MLCommons recently released the latest round of MLPerf Training v5.1 benchmark test results, which is not only the annual final exam for the AI computing field, but also an arena for NVIDIA and AMD to showcase the strength of their next-generation architectures. NVIDIA swept the competition with its Blackwell Ultra architecture, while AMD participated in the training test for the first time with its CDNA 4 architecture MI350 series, demonstrating its competitiveness in close pursuit.
NVIDIA: Blackwell Ultra paired with NVFP4 precision doubles performance
In this test, NVIDIA unsurprisingly achieved the fastest training speed in all seven tests, including Large Language Model (LLM) and image generation, and was the only platform to submit results in all projects.
NVIDIA's "trump card" this time is its GB300 NVL72 rack-mount system based on the Blackwell Ultra GPU architecture. To unleash extreme performance, NVIDIA has adopted NVFP4 low-precision computing for the first time in the history of MLPerf Training.
According to official data released by NVIDIA, Blackwell Ultra offers a significant performance improvement compared to the previous generation Hopper architecture with the same number of GPUs:
• Llama 3.1 405B pre-training:Efficiency is increased by more than 4 times.
• Llama 2 70B LoRA fine-tuning:Efficiency increased by nearly 5 times.
The architectural advantages of Blackwell Ultra lie in its new Tensor Cores with 15 petaflops of NVFP4 AI computing power and up to 279GB of HBM3e high-bandwidth memory. Furthermore, NVIDIA utilized over 5000 Blackwell GPUs in the Llama 3.1 405B test, setting a record of completing training in just 10 minutes.
AMD: CDNA 4 architecture debuts, MI355X delivers 2.8x performance over its predecessor.
On the other hand, AMD also delivered impressive results in this test. This is the first time AMD has used its Instinct MI350 series GPUs (including MI355X and MI350X) for MLPerf training tests.
The AMD Instinct MI355X GPU uses a 3nm manufacturing process and CDNA 4 architecture, and is equipped with 288GB of HBM3e high-bandwidth memory. AMD emphasizes its remarkable performance improvements.

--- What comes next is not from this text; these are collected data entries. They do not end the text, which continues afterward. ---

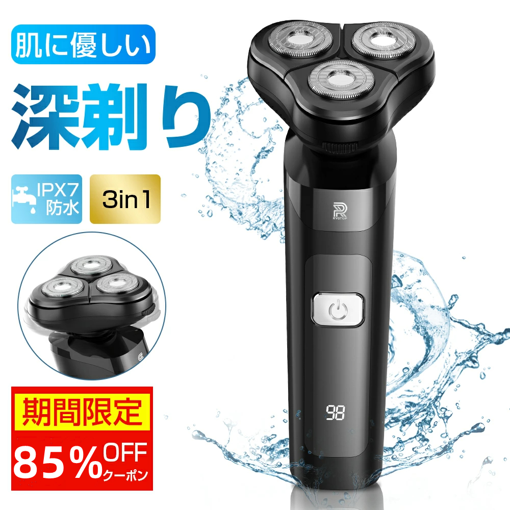 シェーバー メンズ 髭剃り 多機能シェーバー 爆買 3IN1 ひげそり 電動ひげそり 回転式 3枚刃 LCD電池残量表示 IPX7防水 type-c充電式 ロック機能 トリマー刃付
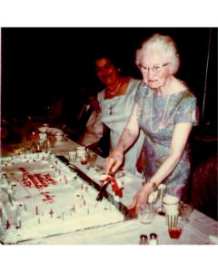 | 1978.237.008 » Cutting 60th Anniversary Cake, Queen Alexandria Loge #424 |
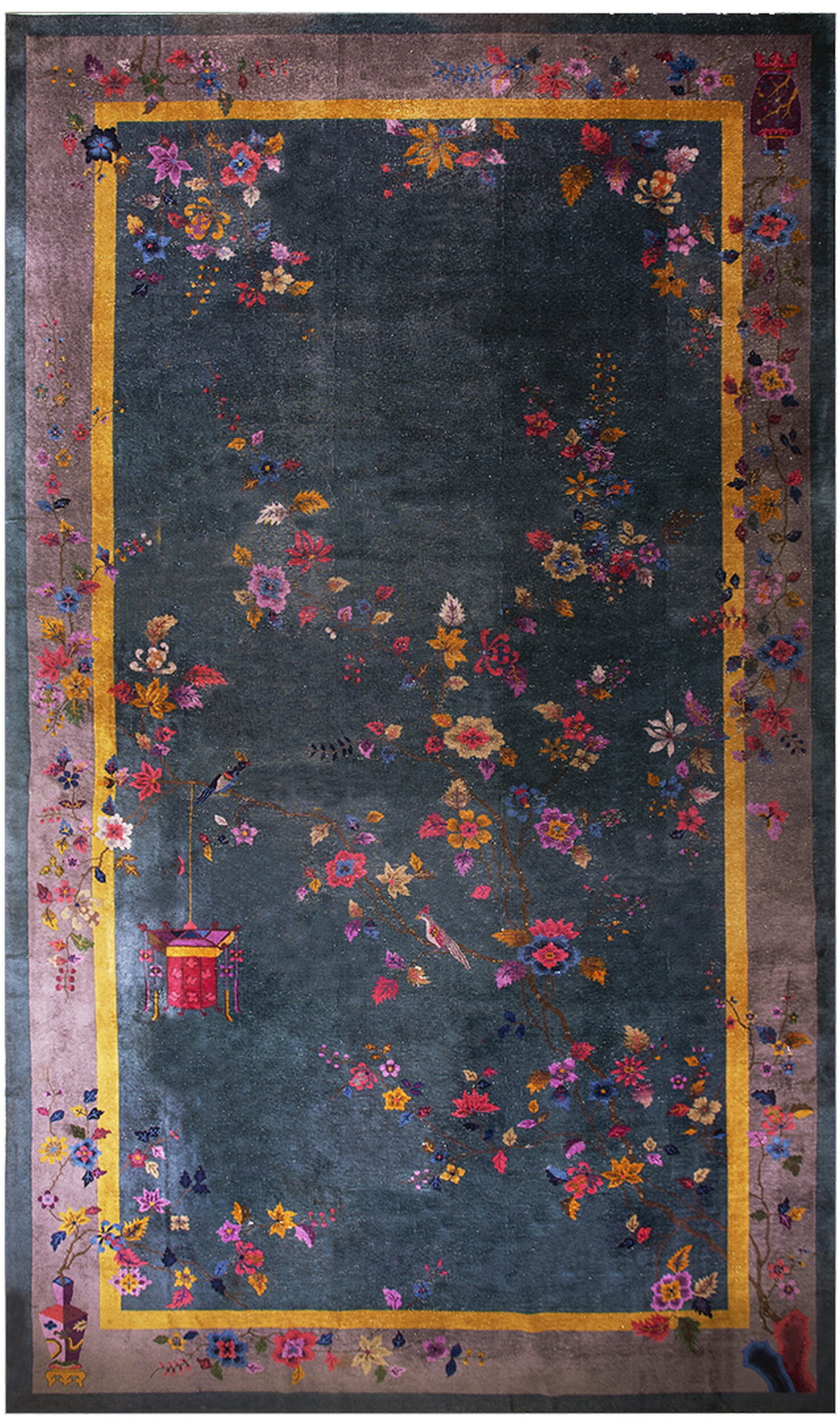The striking depth of the field, a saturated, moody hue, places this piece among the most desirable green Color Rug examples. The composition is classic Chinese Art Deco, utilizing expansive negative space to emphasize the delicate, naturalistic depiction of flowering branches, birds, and a hanging lantern.
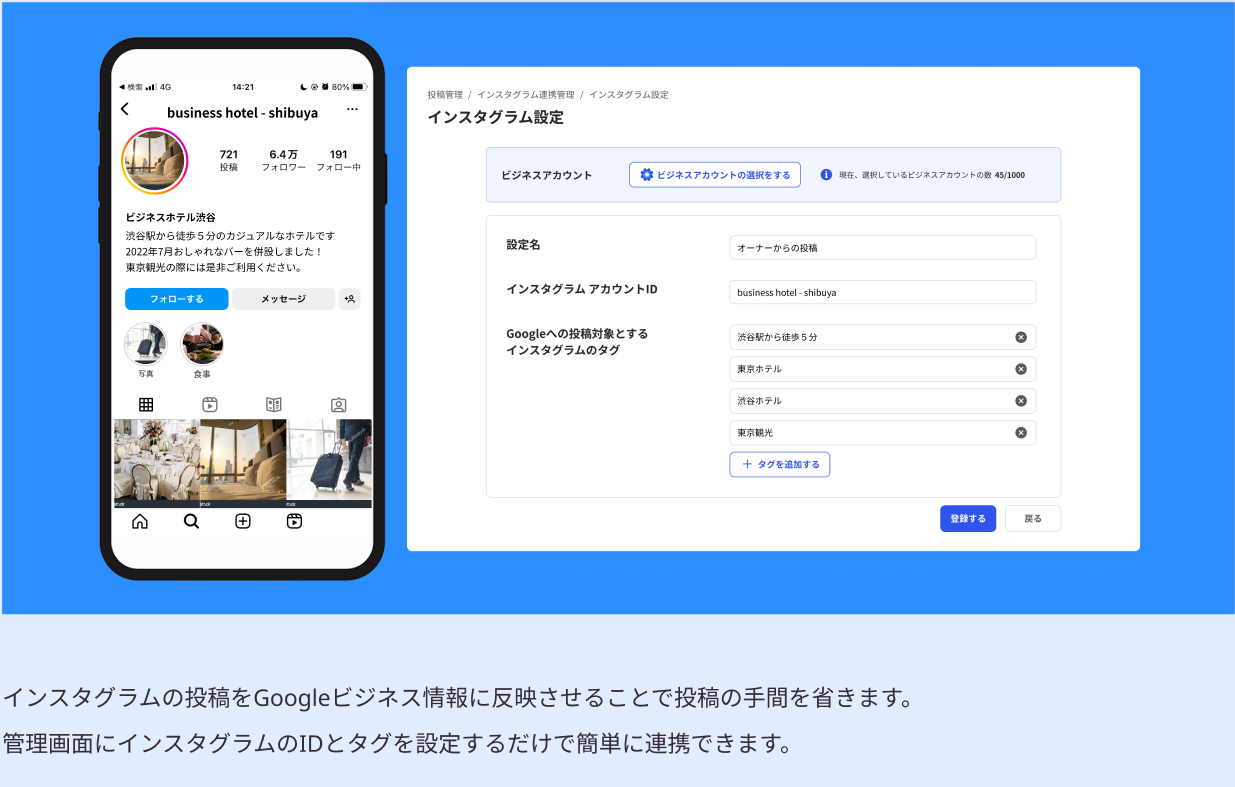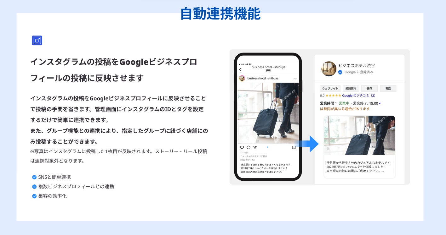 Instagramに通常通り投稿をいただくだけで、システムが自動で投稿内容を抽出しGoogleビジネスプロフィールへと投稿します。二重管理の手間が解消されるとともに、Google側へのPRコンテンツをより効率的に作成できるようになります。
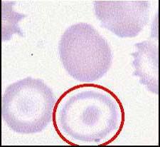 图所示红细胞是 ( )A、镰形红细胞B、泪滴形红细胞C、口形红细胞D、球形红细胞E、靶形红细胞

• Efficiency leap forward:Compared to its predecessor, the MI300X, the MI355X offers a 2.8x improvement in training performance.

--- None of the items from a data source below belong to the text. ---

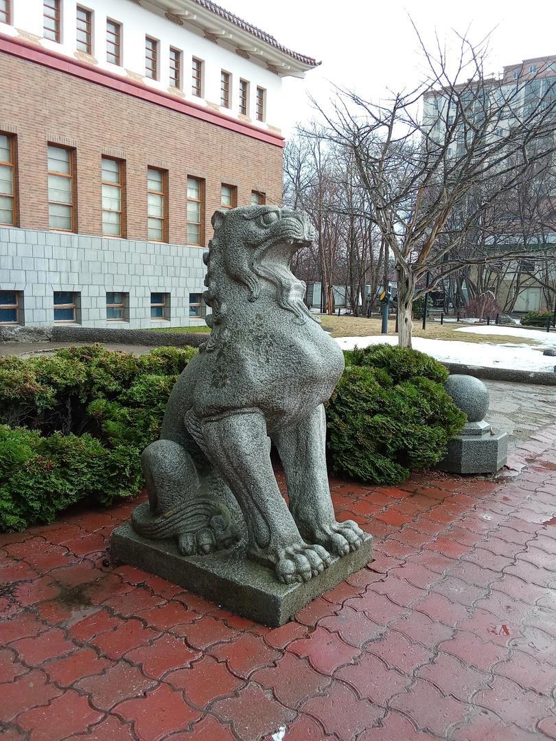 Вход в этот то ли храм, то ли дворец, охраняют собакольвы комаину — родственники окинавской шисы. В "Доминии" Мира бродит по улочкам Окинавы и постоянно встречается с этими каменными зверями, необычно и здорово было обнаружить их на русском острове.
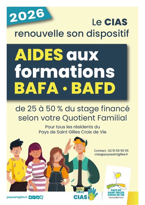 Le Centre Intercommunal d’Actions Sociales (CIAS) du Pays de Saint Gilles Croix de Vie Agglomération renouvelle son engagement en faveur de la jeunesse et de l’animation en proposant une aide financière pour les formations au BAFA (Brevet d’Aptitude aux Fonctions d’Animateur) et au BAFD (Brevet d’Aptitude aux Fonctions de Directeur).
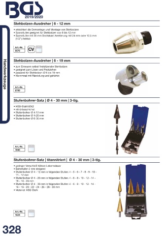 • Stufenbohrer Ø 4 - 20 mm in folgenden Stufen: 4 - 6 - 8 - 10 - 12 - 14 -
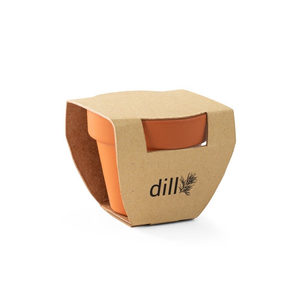 Vaso in terracotta con semi di aneto e e disco di terra disidratata. Fornito in confezione di carta kraft e smontata
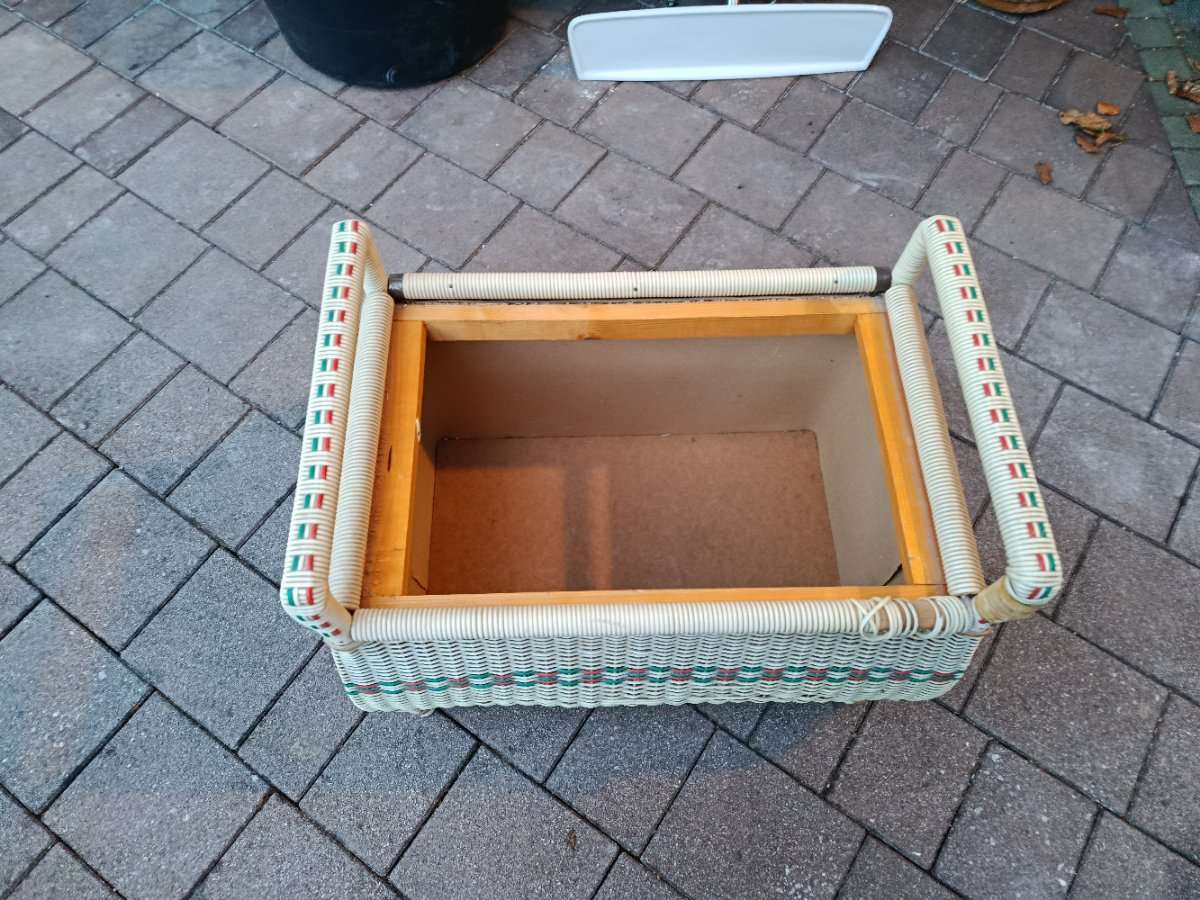 Sitztruhe gepolstert aus Rattan
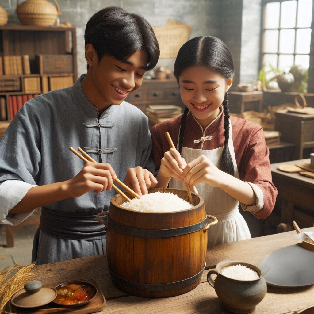 After being busy for the whole evening meal, the two children, who were a little hungry, cheered immediately after hearing the words and turned to scoop rice from the wooden barrel.
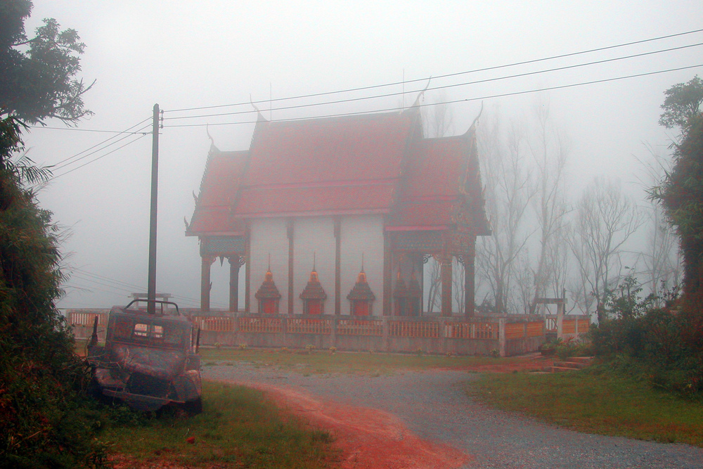 Bei einer Tour entlang der Gebirgsgruppe an der burmesischen Grenze entdeckten wir im Nebel diesen kleinen Tempel. Eine mystische Stimmung und der ausrangierte abgestellte Lastwagen passte voll in die Atmosphäre.
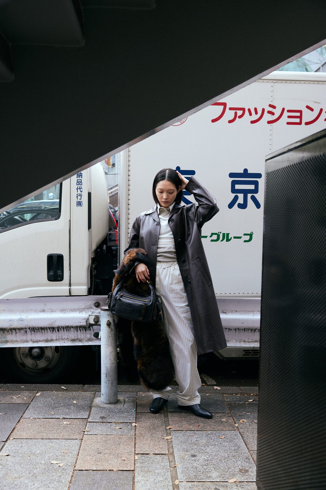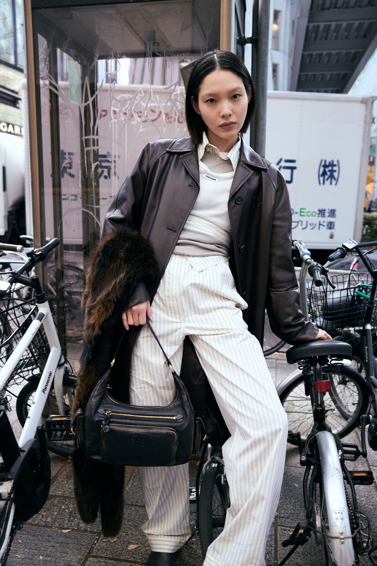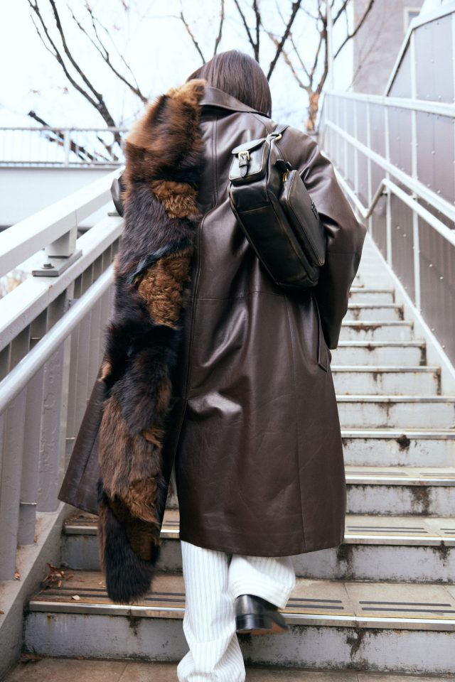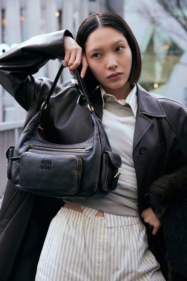 外側から、コート ¥1,265,000、トップス ¥170,500、リブスウェット ¥269,500、パジャマシャツ ¥176,000、パジャマパンツ ¥162,800、ローファー ¥181,500、ストール ¥1,100,000、バッグ ¥572,000 (すべて予定価格)/すべて MIU MIU

• Llama 2 70B LoRA fine-tuning:The MI355X platform completed in 10.18 minutes, a significant reduction compared to the MI300X's 27.97 minutes.
While NVIDIA's B200 platform slightly outperformed the AMD MI355X in absolute speed with a time of 9.85 minutes, the AMD MI355X's 10.18 minutes demonstrated a highly competitive performance, indicating that the gap between the two is narrowing.

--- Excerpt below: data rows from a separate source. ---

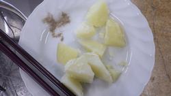 こふきいもを調理していました。
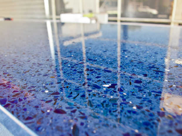 Para lograr el color más audaz posible vamos a sellar esta sección de la encimera de vidrio reciclado con un color de alto brillo mejora de sellador. Que aplicaremos dos capas de sellador de PC12 Surecrete que le proporcionan un rendimiento y una protección adecuada.
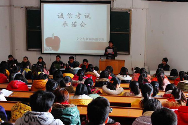文化与新闻传播学院举行了诚信考试承诺大会,学习了学校关于考试的有关规定,要求全院同学在承诺考试承诺书上签字,召开主题班会。要求同学们继续保持优良的考试作风,认真学习积极备考,以最好的状态迎接考试。
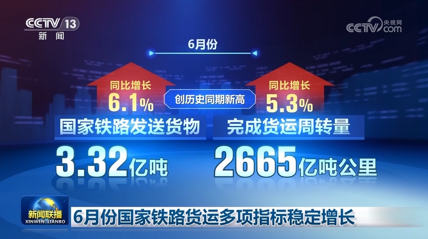 國鐵集團(tuán)數(shù)據(jù)顯示,6月份,國家鐵路發(fā)送貨物3.32億噸,完成貨運(yùn)周轉(zhuǎn)量2665億噸公里,同比分別增長6.1%、5.3%,創(chuàng)歷史同期新高。目前,我國鐵路貨運(yùn)量、貨運(yùn)周轉(zhuǎn)量等指標(biāo)穩(wěn)居世界首位。
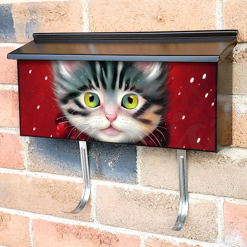 Applying your Cute Christmas Kitten townhouse / ranch mailbox cover it’s pretty easy to convert your mailbox to a special and unique item. These covers require a flat surface, so they work with townhouse / ranch mailboxes that do not have any embossed decoration or signs. Magnetic mailbox covers work with steel boxes, for aluminum and plastic boxes we offer the self-adhesive vinyl covers. In case your mailbox doesn’t work with these covers, you can purchase the preinstalled cover on a brand new mailbox as well. Also, you can create your custom townhouse / ranch mailbox cover using you own pictures, adding your name, street number, etc.

Ecosystem and Future Layout
This test also highlighted the expansion of both companies' ecosystems. NVIDIA had 15 partners submitting results, including ASUS, Dell, Quanta Computer, and Wistron. AMD was not to be outdone, with 9 partners (including ASUS, Dell, and GIGABYTE) submitting test results based on AMD Instinct hardware.
Looking ahead, AMD also updated its product roadmap at its Financial Analyst Day conference, confirming that it will maintain...The "once a year" update scheduleThe MI400 series is expected to launch in 2026, while the MI500 series is planned to debut in 2027, in order to further compete with NVIDIA.